Links - 16th March 2019

Differences in Intelligence and Creativity between Tattooed and Non-Tattooed Students - "Tattooed students seem to be neither less intelligent nor more creative than other students."

Does Study Really Link Tattoos, Deviant Behavior? - "people who have four or more tats are more likely to report the regular use of marijuana, the occasional use of other illegal drugs and a history of being arrested. To a lesser degree, they were also more likely to binge drink, cheat on college work and be sexually promiscuous... the students who had just one tattoo (the "posers") were no more deviant than their peers."

1,500 private jets expected at Davos, where attendees are discussing ‘safeguarding our planet’ from climate change - "Despite global warming being one of the major issues discussed at Davos every year, some 1,500 private jets are expected this week at the World Economic Forum in Davos, Switzerland, according to an estimate from Air Charter Service, up from 1,300 last year. “We have had bookings from as far as our operations in Hong Kong, India and the U.S.,” Andy Christie, private jets director at ACS, said in a statement. “No other event has the same global appeal.”"

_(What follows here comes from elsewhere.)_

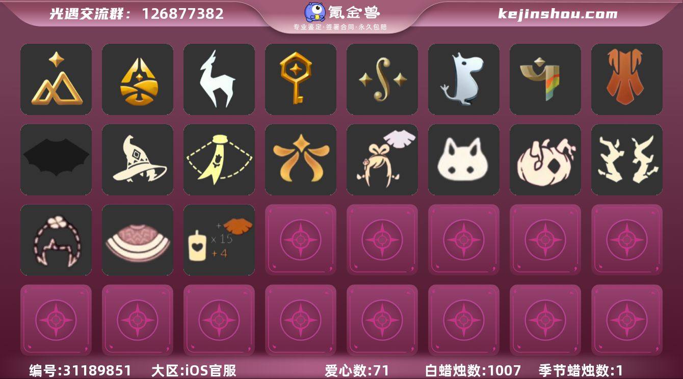 10季11翼潜海面具鲲灯巫树犄角白枭白雪斗篷周年抱枕明制帽黄鼠狼面具 资源: 蜡烛 4840 爱心128 红烛36 翼11 已毕业地图:全图毕业 毕业季节: 潜海季 表演季 欧若拉季 追忆季 夜行季 拾光季 归巢季 九色鹿季 彩染季 青鸟季 稀有礼包:橘子发饰 彩虹耳机 巫术犄角 大桔大利 白雪斗篷 绊爱 祥云雨伞 周年抱枕 热门裤子:绑带舞服 奔月长袍 妮妮长裙 海洋武士裤 白棉裤 紧身连体衣 武士裤 小丑服 红色流珠裙 美工衣 探险燕尾服 暗彩武士裤 米色西装裤 热门面具:矮人面具 狐狸面具 黄鼠狼面具 氧气面具 黄眉面具 一字眉 棕熊面具 向导面具 龙头 玫瑰花面具 玫瑰面具 黑脸 粽叶面具 鸟羽面具 热门发型:海藻头 爆炸头 大胡子 小飞象 雨妈 卡卡 平菇 箬笠 蝴蝶结 公主头 粗辫 水母头 书虫 总裁头 正太头 高马尾 明制帽 郡主头 斗笠 绿丝带 虚荣 白枭 圆环发辫 留辫蘑菇头 李逍遥发型 彩色脏辫 彩羽发型 双辫发型 遥鲲发型 南瓜头 巫师帽 女巫发型 绊爱发型 光头 热门头饰:粗框眼睛 尖角牛仔帽 牛仔帽 飞羽方式 大橘大利 花环 珊瑚发饰 蓝色音乐会 红耳机 辫子发饰 九色鹿鹿角 彩虹耳机 巫术犄角 热门斗篷:五角星斗篷 花瓣斗篷 红金斗篷 黑金斗篷 白金斗篷 蝴蝶斗篷 汉服斗篷 燕尾斗篷 占医院换的 透明蝶翼 小浣熊斗篷 毛绒斗 布条斗篷 布丁斗篷 彩霞斗篷 国风斗篷 灰色斗篷 史力奇 斗篷 姆明季斗篷 镂空斗篷 镂空三条斗 彩染季围巾斗篷 红色探险斗 星空斗篷 鸟羽斗篷 樱花斗篷 马蹄莲斗篷 绿芽 海洋斗篷 漩涡 斗篷 水纹斗篷 暗彩斗篷 太阳光束斗篷 白雪斗篷 蝙蝠斗篷 绊爱斗篷 热门背饰:号角 季卡相机 进阶版相机 祥云雨伞 红色雨伞 椅子 吊床...

Cleopatra should be played by a black actor – but not just because it might be more historically accurate - "After the internet collectively groaned at yet another Cleopatra remake, a “whitewashing” debate began to emerge. Should Lady Gaga or Angelina Jolie, both white actors, be playing the Egyptian queen in the first place?... the answer to whether or not Cleopatra should be played by a white woman shouldn’t come from an ethnological examination of ancient Egypt.The casting should be informed by the racial and social dynamics of today... Our obsession with telling the same stories over and over again, as well as our infatuation with traditional period dramas, greatly reduces the number of parts available for BAME actors... Just to be clear; yes, I’m advocating a double standard. I’m saying that white people shouldn’t be given non-white parts, but that people of colour should be able to dramatically portray white-skinned figures."
This reveals that bitching about 'whitewashing' isn't really about violating the integrity of a role by having someone of the wrong race in it - but a cynical way to secure employment for certain demographics through explicit racism

Rationally Speaking | Official Podcast of New York City Skeptics - Current Episodes - RS 213 - Dean Simonton on "The causes of scientific and artistic genius" - "great scientists tend to end up at major universities, working under distinguished mentors.In fact, one of the best predictors of whether or not you'll get a Nobel prize in some scientific field is whether you worked under a previous Nobel laureate. Well, the question is, what's causing what in that?...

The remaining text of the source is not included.